На третий день, в качестве тюремного врача, нас посетил А.С. Никульцев. Соблюдая самую строгую официальность, я заявила, что по состоянию своего здоровья не могу лежать на досках и прошу матраца. Последний мне был немедленно доставлен. Впоследствии Никульцев выражал удивление моей

 

- 221 -

выдержке. (Будучи в некоторой степени эгоистом, Алеша-Богатырь, по-видимому, боялся, что я его встречу слезами, истериками и какими-нибудь просьбами, более существенными, чем просьба о матраце.)

В одной из камер, выходивших в общий коридор, сидел словоохотливый человек, который все время пытался заводить разговоры с надзирателями. Потом я узнала, что это был непримиримый Рахманов, который за свою несгибаемость уже получил лагерный срок. Каждое утро я слышала, как он красноречиво доказывал дежурным, что находится в заключение не за преступления, а за «инакомыслие». Так как в одиночке у меня было много времени для размышлений, я вспомнила, что в гимназические годы была поражена отзывом Пушкина о «Горе от ума». Он говорил: «В этой комедии один умный человек. Это — Грибоедов!» — «А Чацкий?» — думала я. Теперь же я убедилась, что, произнося умные речи, надо учитывать место и аудиторию. Чацкий и Рахманов одинаково в этом грешили.

В силу тюремных правил конвоиры и надзиратели должны были соблюдать в отношении заключенных суровость. Однако один из них, по фамилии Удачин, находил способ быть с нами ласковым без нарушения устава. Принося кипяток, он по очереди отворял наши двери и веселым, домашним голосом произносил одно только слово: «Самоварчик!» И от этого «самоварчика» сразу становилось легче на душе.

В конце июля солнце пекло нестерпимо — в камерах было душно. Став на нары, я могла видеть через решетку окна часть двора со штабелями дров. Мужчин выводили на работы, и со своего наблюдательного пункта я однажды увидела картину, прочно врезавшуюся в мою память.
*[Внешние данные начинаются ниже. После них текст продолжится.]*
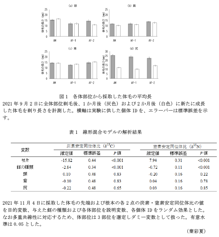 - 冬毛の成長期間中に採食した食物情報は冬毛の炭素・窒素安定同位体比に反映されるが(表1)、背と尻の冬毛に反映される速度はやや遅い。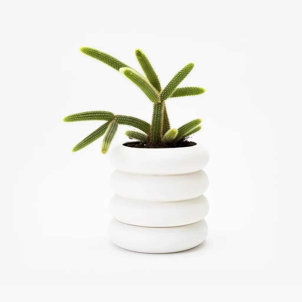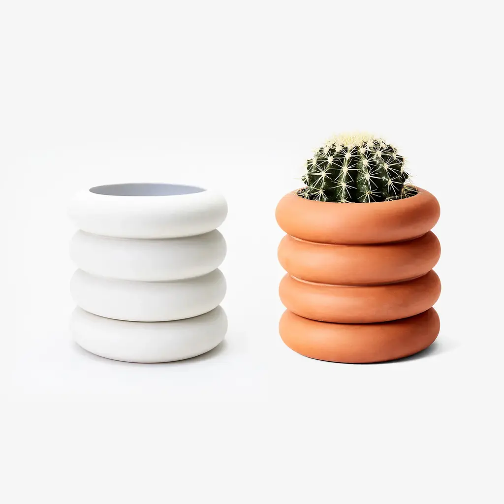Inspired by high voltage ceramic insulators used on power lines, this modern white dolomite planter seamlessly blends industrial and rustic design cues. New York-based studio Chen Chen & Kai Williams designed the Areaware Stacking Planter as a compact and versatile 2-in-1 product. The two circular stoneware elements fit together perfectly with the planter sitting on top of a saucer. The user can easily separate them if needed by simply lifting out the top ring. Made with a matte exterior, the planter has a glossy finish on the interior. Available in two sizes, this modern terracotta planter comes in short and tall versions. Perfect for cacti, succulents, or herbs.

Прислонившись к бревнам, с пилой в руках, стоял обнаженный по пояс красивый, стройный Перакис и рядом с ним — маленький кривоногий солдат-коми, вооруженный винтовкой. «Грек в плену у скифов», — подумала я.

Дней через десять после заключения в одиночку я была вызвана к следователю и озадачена вопросом: «Что у вас спрятано в Саратове в сарае вашей бывшей квартиры?»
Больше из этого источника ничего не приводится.